Classic Beano & Dandy: Arty Farty

Classic Beano & Dandy: Arty Farty
Beano and the Dandy Arty Farty review
  • UK publisher / ISBN: D.C. Thomson - 978-1-84535856-3
  • Release date: 2021
  • UPC: 9781845358563
  • Contains adult content?: no
  • Does this pass the Bechdel test?: no
  • Positive minority portrayal?: no
  • CATEGORIES: All-Ages, Anthology, Humour

This splendidly oversized (225 x 300mm) 144 page hardback compilation rightly glories in the incredible wealth of ebullient creativity that paraded through the flimsy, colourful pages of The Beano and The Dandy throughout the years. Over decades the “terrible twins” spawned a bevy of unforgettable and beloved household names who delighted countless avid and devoted readers, and the unmissable end of year celebrations were graced with bumper bonanzas of the comics’ weekly stars in extended stories in magnificent hardback annuals.

This particular tome is a collation of strips examining “Art” and packed cover-to-cover with brilliant strips. The mirth starts on the inside front cover with a psychedelic and fourth-wall rending confrontation between the Bash Street Kids and the ever-interventionist “Beano/Dandy artist” actually illustrated by David Sutherland, one suspects.

Sadly, as usual none of the writers are named and precious few of the artists, but this review offers a best guess as to whom we should thank, and we would be happy if anybody could confirm or deny the suppositions.

When not in monochrome or full colour, DC Thomson titles were always extremely inventive in using their two-colour printing plate format, a “half-colour” process British publishers used to keep costs down. The sheer versatility and colour range provided was simply astounding. This book shows that pagination skill over and over again in strips exploiting the print process and deftly subordinating it to the narratives. What splendid fellows their printers must have been to go to all that extra effort.
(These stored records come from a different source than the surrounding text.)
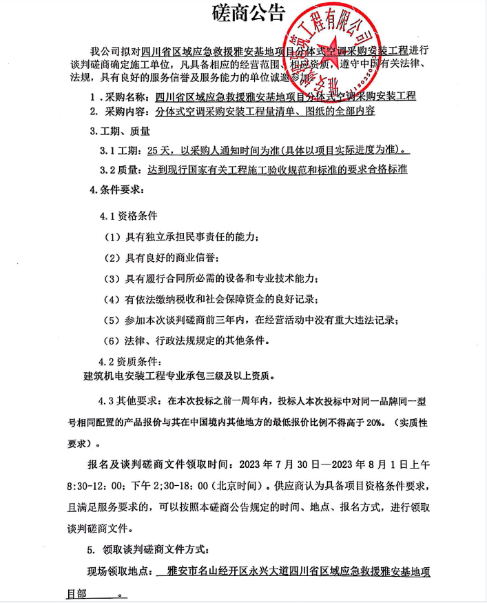 四川省區(qū)域應(yīng)急救援雅安基地項目分體式空調(diào)采購安裝工程談判磋商公告
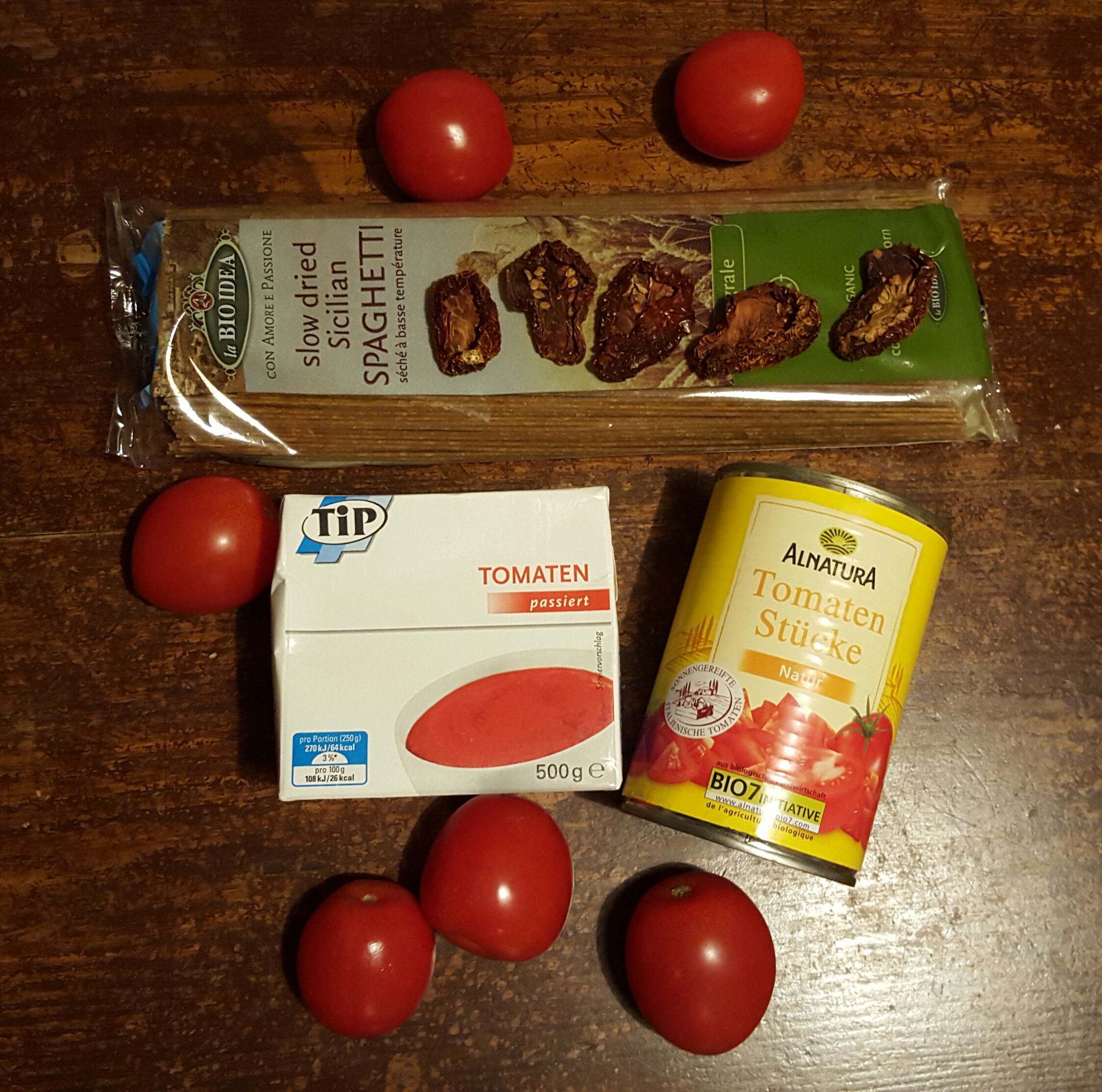 Nun Ablöschen mit den gestückelten/passierten Tomaten und mit etwas Gemüsebrühe, Salz/Pfeffer sowie den italienische Kräuter würzen. Ideal wäre es natürlich wenn man frischen Basilikum zur Hand hätte. Der macht sich ganz fantastisch dazu. Zum Schluss noch die frischen und getrockneten Tomaten zugeben.
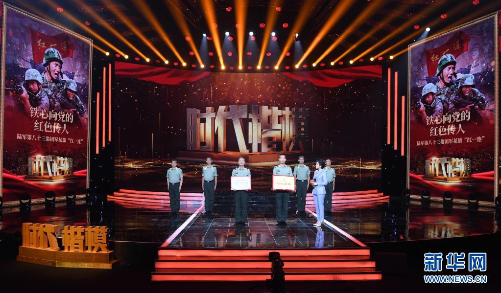 在“時代楷模”發(fā)布儀式上,陸軍第八十三集團軍某旅“紅一連”官兵代表領取“時代楷?!豹勁坪妥C書(7月23日攝)。新華社記者 張永進 攝

The picture-in-picture gag cover of a Korky the Cat visual pun by James Crichton (sample art) or possibly Robert Nixon – segues into a monochrome Big Eggo strip from Reg Carter before indisputable key man Dudley D. Watkins shines in black, white and red with magical lad Peter Piper animating pictures at an exhibition. Then Good King Coke (“He’s Stoney Broke”) seeks fame in a frame thanks to early art and orange tints from Eric Roberts.

So it continues, in specialised colour sections through which so many memorable creators shine. The incredibly prolific Watkins features throughout, and there are strips by Terry Bave, Gordon Bell, Ken Harrison, Bill Holroyd, Davy Law, Nixon, and Ken Reid, right up to contemporary artists such as Lew Stringer and Wayne Thompson.

The same through the years approach applies to the selected strips with all favourites duly present along with more obscure entries such as Julius Sneezer the Sneezing Caesar, Old Ma Murphy the Strong-Arm School-Ma’rm and Captain Whoosh.

A marvel of nostalgia and timeless comics wonder, the true magic of this collection is the brilliant art and stories by a host of talents whose influence has made Britons who they are today, and bravo to DC Thomson for letting them out to run amok once again.